The system design evaluation shows that the minimum period for reading the entire archive is between 0.7 and 12.5 days for a cost between $3.52M and $2M. The system cost is dominated by the data server cost, which includes a DBMS Index Server designed to provide interactive response to database queries. Fast interactive response is accomplished by providing enough memory to hold the active metadata index entirely within the workstation memory. Two workstations are used to support the tape robots and a disk cache that holds 1% of the total archive, or 74 GB. An I/O platform is included to act as a security firewall for the system and support external communications.

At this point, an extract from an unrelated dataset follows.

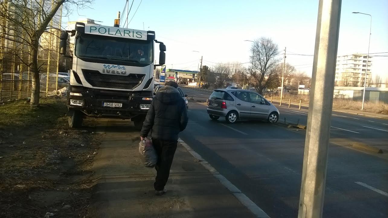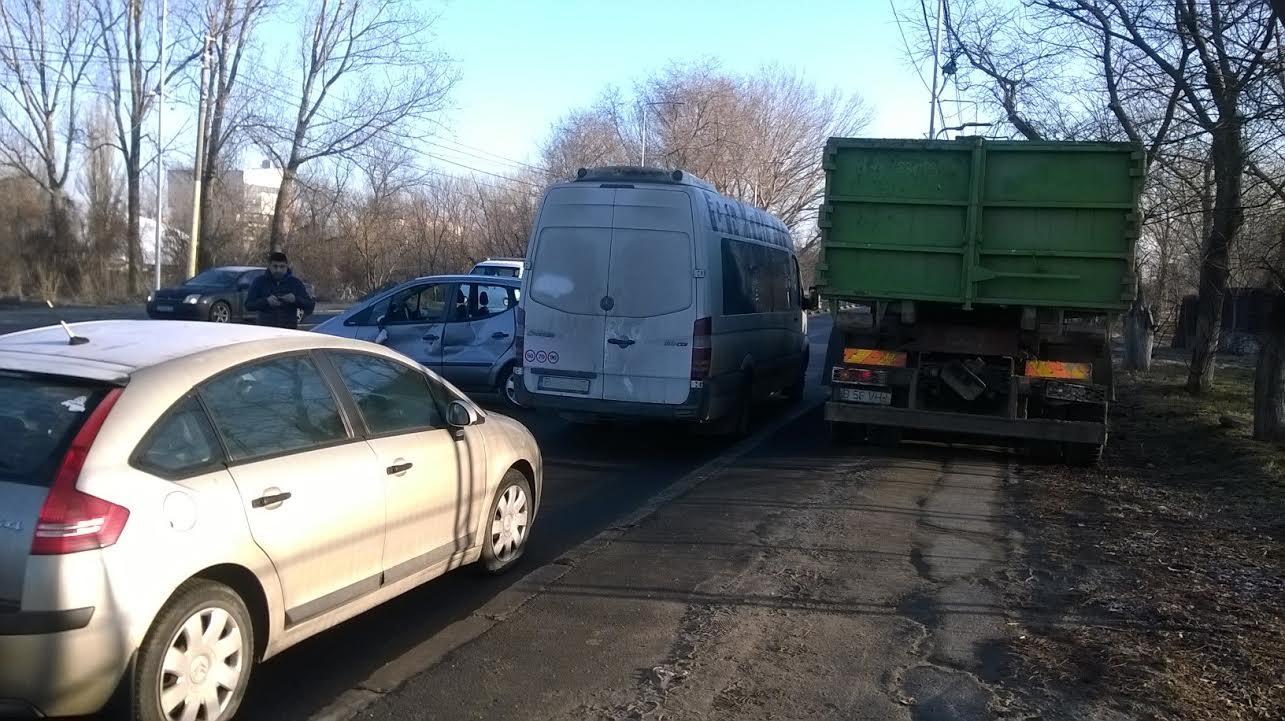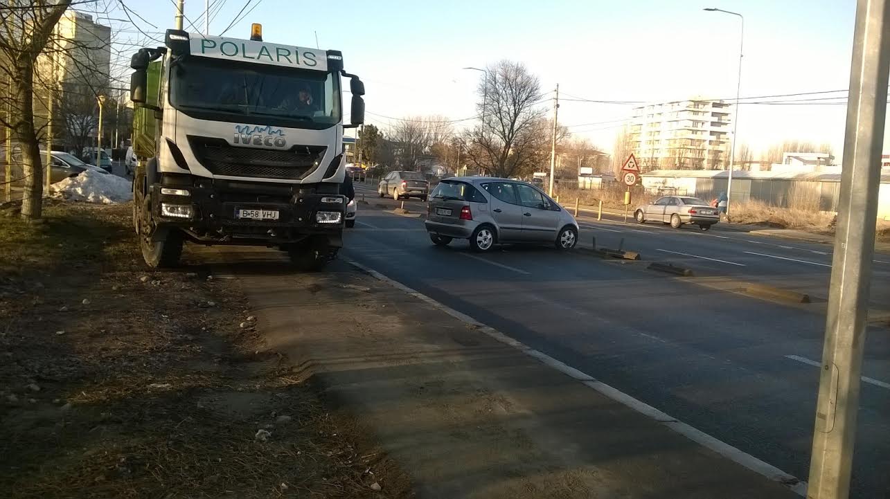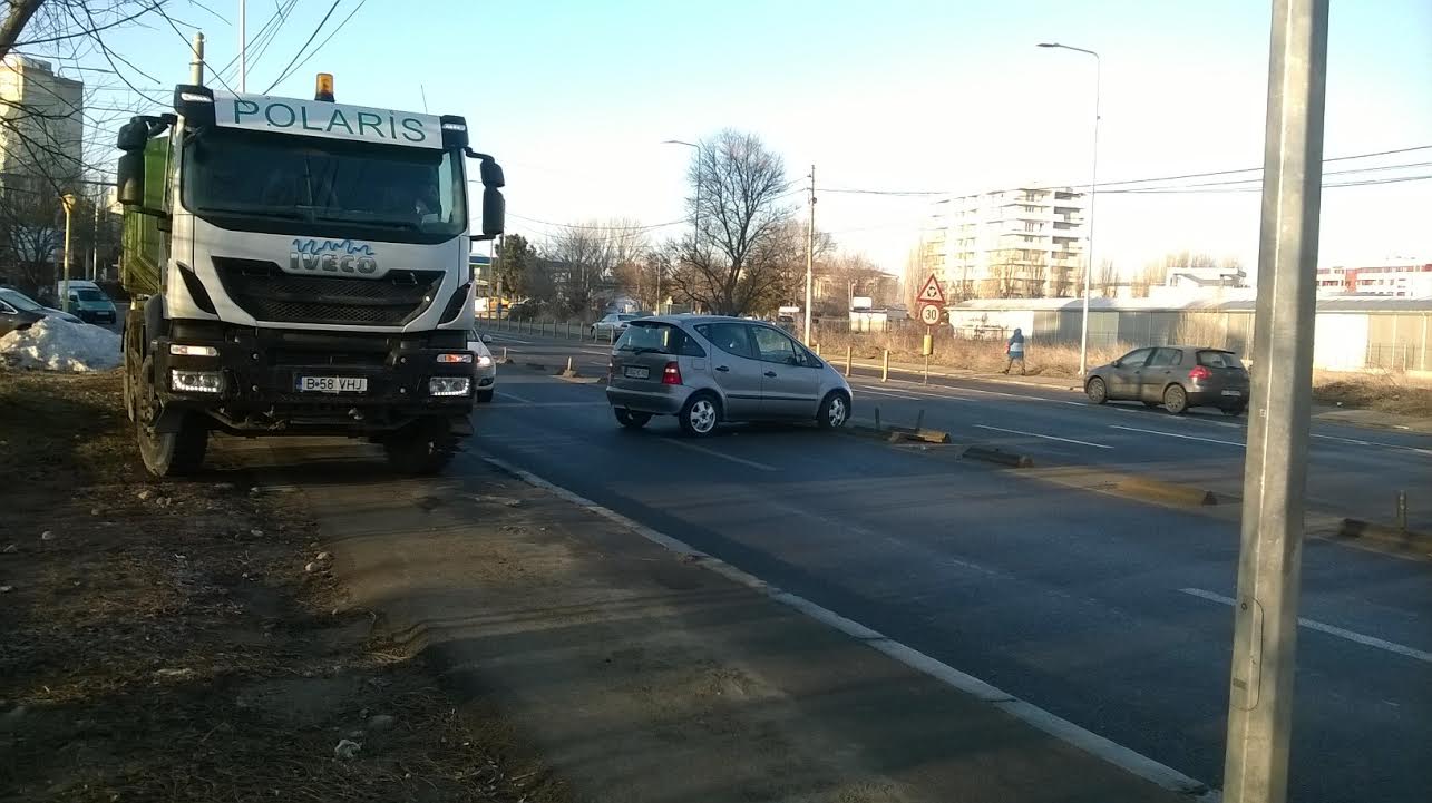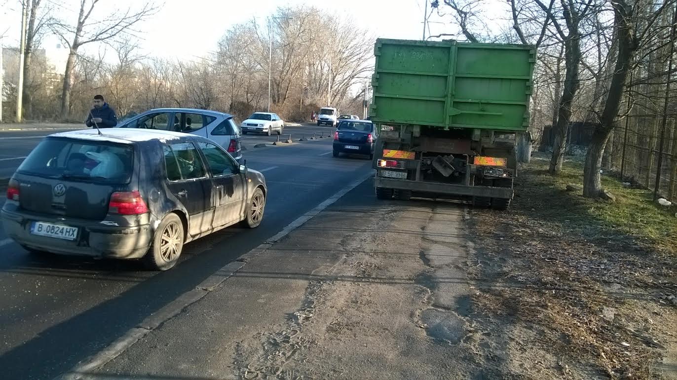 În impact au fost implicate o mașină cu numere Germania și un autocamion de la firma de salubritate Polaris din oraș.

Figure A6-4 shows the peerDAAC implementation. ATM networking technology is used to connect the security firewall workstation (CPU 3) to the DBMS Index Server workstation (CPU 1) that provides support for interactive queries of the database. Two DBMS server workstations (CPU 4) support the 2 tape robots, and 1 workstation (CPU 2) acts as the compute server and supports the active disk cache. As more data is added to the system, more tape robots can be added along with controlling workstations or larger-capacity tape robots can be used. As the storage capacity increases, note that the number of compute workstations must also be increased to maintain a balanced system.

Figure A6-4: PeerDAAC Architecture

6.4.3 Large PeerDAAC

A larger peerDAAC can be designed that archives a larger fraction of the raw input data stream. A peerDAAC that stores 2% of the raw input rate will store 30 TB after 3 years. Table A6-10 gives the resulting system and cost.

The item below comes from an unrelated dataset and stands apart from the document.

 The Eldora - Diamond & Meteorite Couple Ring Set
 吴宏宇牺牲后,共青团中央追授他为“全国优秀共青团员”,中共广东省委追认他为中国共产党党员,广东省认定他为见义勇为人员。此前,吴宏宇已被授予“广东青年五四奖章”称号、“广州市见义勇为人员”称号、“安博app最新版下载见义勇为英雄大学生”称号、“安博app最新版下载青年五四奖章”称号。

Table A6-10: Large PeerDAAC Costs
Type of platform
Max number of days to read archive
Number of data server servers
Number of compute servers
Number of tape robots
Data servers cost
Disk cache cost
Archive tape cost
Compute platform cost
Total hardware cost
IBM RS/6000/ TL820
12.5
2
2
6
$1.03
$0.43
$0.66
$0.74
$2.86
DEC 7000/NTP
3.0
2
2
1
$1.38
$0.43
$1.31
$1.10
$4.22

Increasing the rate at which the peerDAAC can process data by a factor of 4 increased the cost by 20-40%. Note that the previous $2M architecture cost has increased to only $2.9M, with most of the additional cost attributed to an additional compute platform and 4 additional tape robots. The TL820 archive read time was calculated as before by assuming that 1 tape drive is being reserved to write data into the silo. The achievable read time can only be lowered by going to an alternate technology. An example is given in the second case for which the IBM NTP tape silo is used. Normally, the time to read an NTP silo is a minimum of 14 days. However, the total amount of data stored in the silo is only 30 TB compared to the silo capacity of 270 TB. Thus, the time to read the partially full silo is significantly smaller.